/---

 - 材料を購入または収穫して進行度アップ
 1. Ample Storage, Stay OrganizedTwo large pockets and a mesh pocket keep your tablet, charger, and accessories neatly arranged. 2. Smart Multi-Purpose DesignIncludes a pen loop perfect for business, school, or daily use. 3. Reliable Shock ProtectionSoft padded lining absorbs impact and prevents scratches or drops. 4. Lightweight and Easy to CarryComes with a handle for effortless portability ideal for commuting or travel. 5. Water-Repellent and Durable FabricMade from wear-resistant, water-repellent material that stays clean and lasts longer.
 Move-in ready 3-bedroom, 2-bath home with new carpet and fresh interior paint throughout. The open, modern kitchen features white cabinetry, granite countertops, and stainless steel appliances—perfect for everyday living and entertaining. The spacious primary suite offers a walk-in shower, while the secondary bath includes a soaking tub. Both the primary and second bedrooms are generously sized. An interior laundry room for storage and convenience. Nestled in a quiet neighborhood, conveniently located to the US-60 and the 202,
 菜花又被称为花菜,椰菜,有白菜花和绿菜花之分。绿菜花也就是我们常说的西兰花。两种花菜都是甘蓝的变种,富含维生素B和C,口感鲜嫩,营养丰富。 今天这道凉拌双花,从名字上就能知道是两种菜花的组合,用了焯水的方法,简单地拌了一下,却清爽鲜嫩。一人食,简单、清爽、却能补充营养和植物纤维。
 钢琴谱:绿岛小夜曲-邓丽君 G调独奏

\---
/---

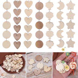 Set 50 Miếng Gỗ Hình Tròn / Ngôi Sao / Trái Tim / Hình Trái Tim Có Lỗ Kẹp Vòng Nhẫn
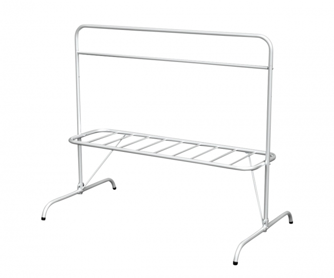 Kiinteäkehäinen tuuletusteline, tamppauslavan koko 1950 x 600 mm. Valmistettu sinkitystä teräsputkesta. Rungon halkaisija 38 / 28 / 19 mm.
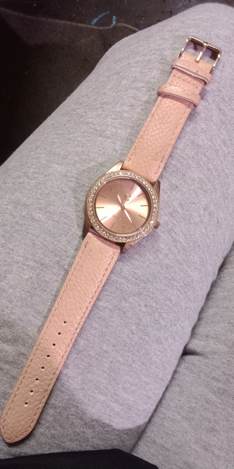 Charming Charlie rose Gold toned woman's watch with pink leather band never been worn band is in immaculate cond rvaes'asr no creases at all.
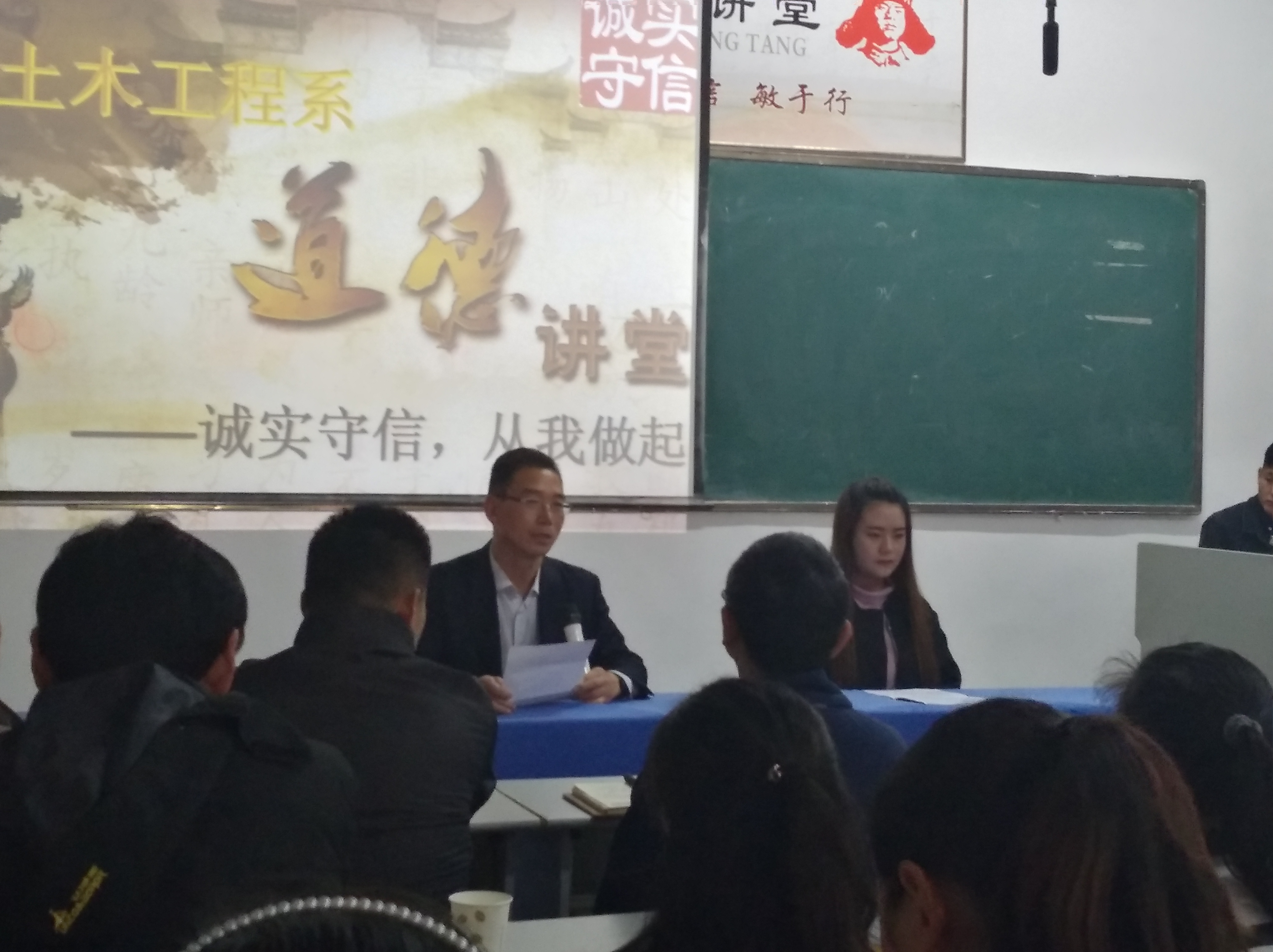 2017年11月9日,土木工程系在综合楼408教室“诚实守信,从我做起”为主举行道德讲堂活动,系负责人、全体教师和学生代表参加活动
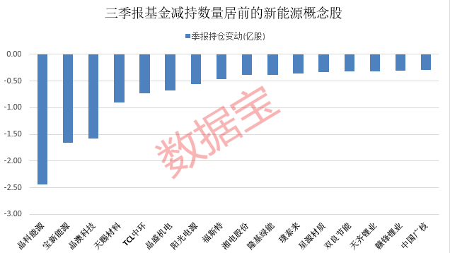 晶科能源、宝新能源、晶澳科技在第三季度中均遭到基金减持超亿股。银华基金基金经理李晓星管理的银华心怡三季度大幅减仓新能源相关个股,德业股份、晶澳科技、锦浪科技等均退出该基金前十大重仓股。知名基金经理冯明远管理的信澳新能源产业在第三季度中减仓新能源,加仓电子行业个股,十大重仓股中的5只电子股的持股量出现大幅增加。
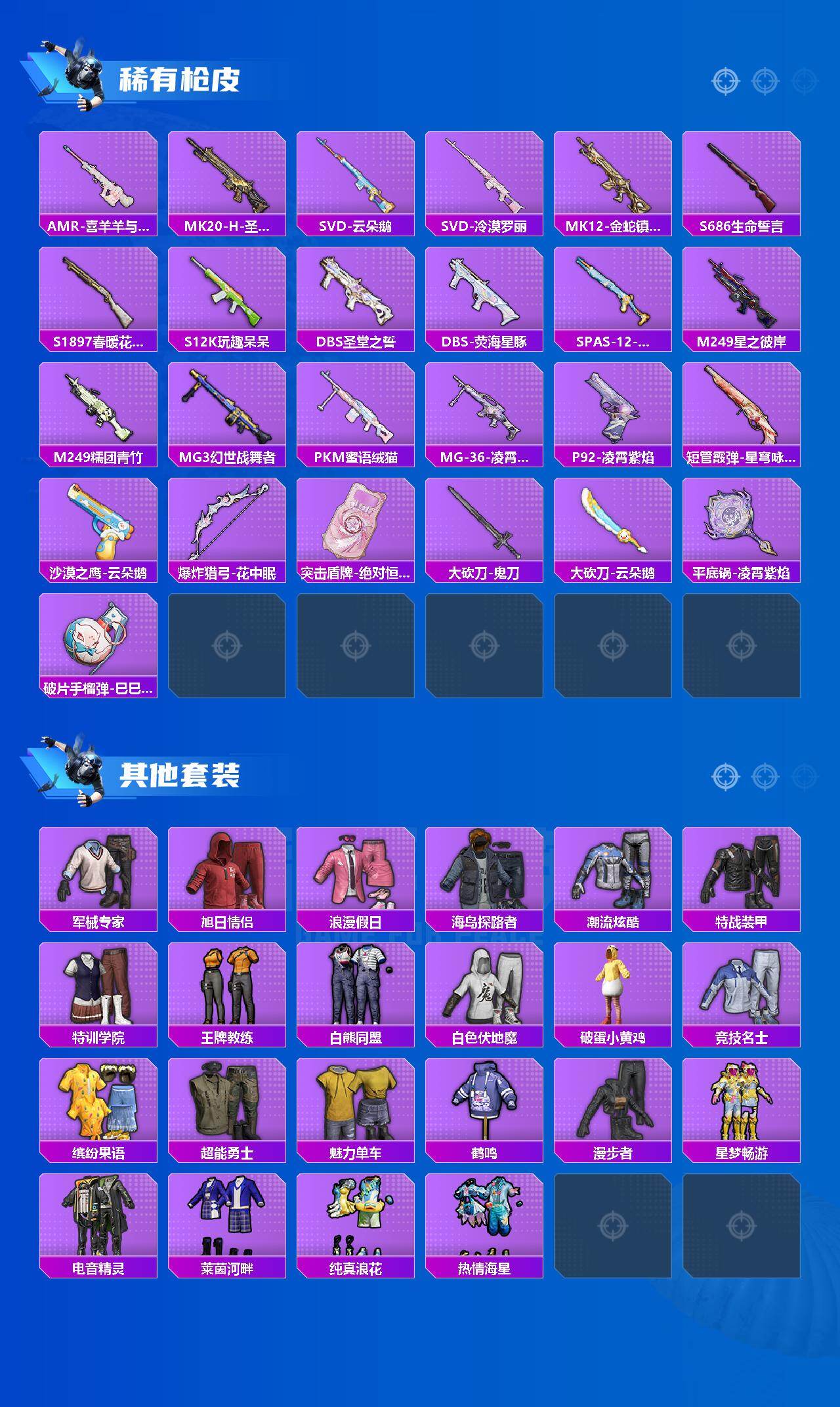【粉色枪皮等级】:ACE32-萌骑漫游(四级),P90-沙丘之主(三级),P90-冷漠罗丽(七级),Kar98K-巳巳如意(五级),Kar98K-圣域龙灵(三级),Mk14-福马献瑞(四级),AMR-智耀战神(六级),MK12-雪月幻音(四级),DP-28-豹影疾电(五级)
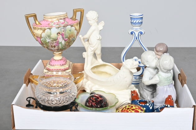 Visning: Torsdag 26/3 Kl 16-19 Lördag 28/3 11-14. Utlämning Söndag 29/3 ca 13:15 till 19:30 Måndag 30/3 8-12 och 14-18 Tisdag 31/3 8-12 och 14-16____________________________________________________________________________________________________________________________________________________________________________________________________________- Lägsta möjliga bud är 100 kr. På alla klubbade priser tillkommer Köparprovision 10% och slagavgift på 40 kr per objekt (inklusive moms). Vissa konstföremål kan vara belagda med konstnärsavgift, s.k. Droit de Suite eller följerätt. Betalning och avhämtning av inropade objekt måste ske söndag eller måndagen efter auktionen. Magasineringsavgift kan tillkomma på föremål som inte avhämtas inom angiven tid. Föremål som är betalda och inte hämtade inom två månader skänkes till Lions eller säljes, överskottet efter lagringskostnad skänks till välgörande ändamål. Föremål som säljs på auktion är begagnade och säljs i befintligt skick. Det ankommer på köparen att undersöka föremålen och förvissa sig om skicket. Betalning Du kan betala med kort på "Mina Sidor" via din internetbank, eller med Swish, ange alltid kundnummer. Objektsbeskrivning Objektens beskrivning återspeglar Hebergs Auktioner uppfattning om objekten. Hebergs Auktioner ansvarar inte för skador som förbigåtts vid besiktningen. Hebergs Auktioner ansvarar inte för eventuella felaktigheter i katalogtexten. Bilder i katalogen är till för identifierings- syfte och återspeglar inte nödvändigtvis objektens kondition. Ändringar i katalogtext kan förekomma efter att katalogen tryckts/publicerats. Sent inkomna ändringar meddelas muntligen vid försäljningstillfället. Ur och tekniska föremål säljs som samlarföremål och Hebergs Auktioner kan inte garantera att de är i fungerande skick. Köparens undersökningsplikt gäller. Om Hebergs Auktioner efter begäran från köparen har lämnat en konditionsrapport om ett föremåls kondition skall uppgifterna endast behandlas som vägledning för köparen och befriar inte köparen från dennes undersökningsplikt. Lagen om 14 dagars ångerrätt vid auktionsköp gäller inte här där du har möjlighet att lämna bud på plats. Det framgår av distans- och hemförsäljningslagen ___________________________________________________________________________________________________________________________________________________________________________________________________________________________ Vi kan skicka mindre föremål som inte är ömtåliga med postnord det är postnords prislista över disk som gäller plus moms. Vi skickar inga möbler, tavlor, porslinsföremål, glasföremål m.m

\---

Would you transcribe the lines above exactly, going from the line bearing "Charming Charlie rose" through the line bearing "晶科能源、宝新能源、晶澳科技", and drop the pictures from the copy?

 Charming Charlie rose Gold toned woman's watch with pink leather band never been worn band is in immaculate cond rvaes'asr no creases at all.
 2017年11月9日,土木工程系在综合楼408教室“诚实守信,从我做起”为主举行道德讲堂活动,系负责人、全体教师和学生代表参加活动
 晶科能源、宝新能源、晶澳科技在第三季度中均遭到基金减持超亿股。银华基金基金经理李晓星管理的银华心怡三季度大幅减仓新能源相关个股,德业股份、晶澳科技、锦浪科技等均退出该基金前十大重仓股。知名基金经理冯明远管理的信澳新能源产业在第三季度中减仓新能源,加仓电子行业个股,十大重仓股中的5只电子股的持股量出现大幅增加。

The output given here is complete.